ON WRIT OF CERTIORARI TO THE UNITED STATES COURT OF APPEALS FOR THE SEVENTH CIRCUIT.
Dates argued and decided:

February 24, 2004, Argued
May 3, 2004, Decided

I. BACKGROUND
The only reason Gendo treated Shinji the way he did was because he was never good with people, and losing Yui made him even worse. He thought that if he tried to talk to Shinji, he would just end up hurting him, so he decided that it would be better to just not talk to him at all.

II. OPINION
In my opinion, this argument does have merit because:

Output:

a) Gendo was not a "good person"; he had a very high regard for humanity and wanted to protect it from the "other side"; he believed that he was responsible for the fate of Yui (and, consequently, Shinji) and that he must have known that he must be a burden for him to be a parent and, ultimately, a person himself;

b) Gendo had an emotional attachment to Yui that he could not possibly give up;

c) Gendo, if he wanted to protect his son, could not have left him with any choice in the matter;

d) Gendo's attitude towards Shinji at the time of his death is not inconsistent with the idea that he was not a good parent.

Input:

ON WRIT OF CERTIORARI TO THE UNITED STATES COURT OF APPEALS FOR THE SEVENTH CIRCUIT.
Dates argued and decided:

February 24, 2004, Argued
May 3, 2004, Decided

I. BACKGROUND
Luxury is part and parcel of life in society.  Marketing of modern luxury goods runs counter to most marketing, and is rich with the use of scarcity as a principle of influence. The essence of luxury is the symbolic desire to belong to a superior class, which everyone will have chosen according to their dreams, because anything that can be a social signifier can become a luxury. In the luxury world, price is something not to be mentioned. As a general rule, the imagined price should be higher than it really is. It’s the opposite in traditional marketing.

II. OPINION
In my opinion, this argument is supported by substantial evidence:

Output:

1. Luxury is not always about the "luxurious" thing; it can be about anything.

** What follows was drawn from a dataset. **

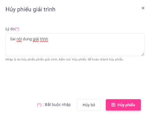 3. Thầy/Cô nhập lý do hủy và Hủy phiếu

2. This argument is more effective with reference to the "lifestyle" of the wealthy class. The rich can be seen as having achieved more status by becoming rich and living in a way that is "luxurious." (It also makes sense with regard to the upper middle class. Their status is more dependent on "lifestyle"—i.e. what they can afford to afford.)

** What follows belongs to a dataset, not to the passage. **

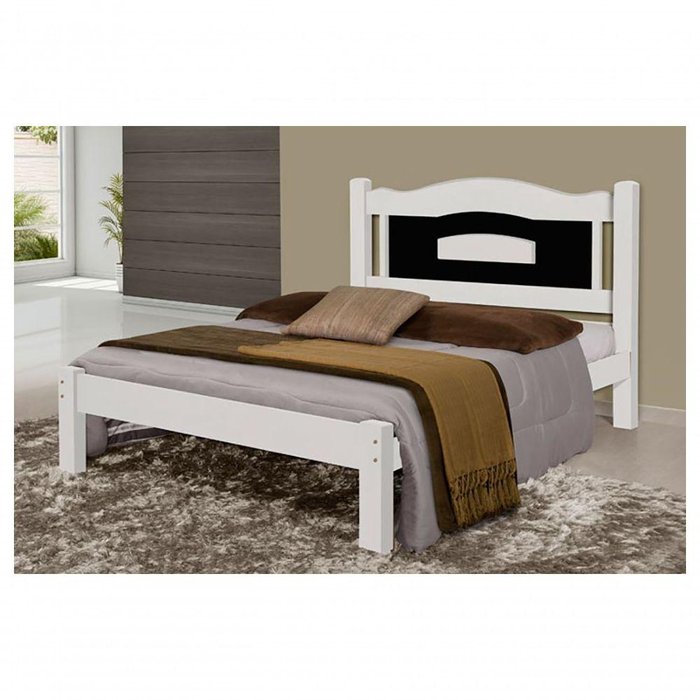 Cama de Casal Paris de Madeira Maciça Tauari Branco Preto

3. The argument is more effective because the wealthy tend to be the ones who are most willing to be the object of marketing, rather than being the ones who are most willing to buy a "luxury" product. This is not a coincidence.

4. It has a good deal to do with the fact that some of the most famous people have made a lot of money through marketing.

5. A consumer can only make a decision about a product when he has heard about it, even though the product itself has not been publicly sold.

Notes

1: The results shown were produced using publicly released 774M model, no finetuning was involved.

2:The paper suggests using Top-k random sampling with top_k=2, i.e. to consider top 2 logits while producing the output. It's a good setting for summarizing task, since it produces deterministic results (there is little of randomness in the sampling process, it always chooses top 2 logits with the highest probability). For purposes demonstrated higher top_k value is more suitable. To avoid lengthy sentences, all samples provided in this document were generated with temperature=1, top_k=16 and output length=256 tokens, unless stated otherwise.

Written by

l4rz

This repository has no association or relationship with OpenAI.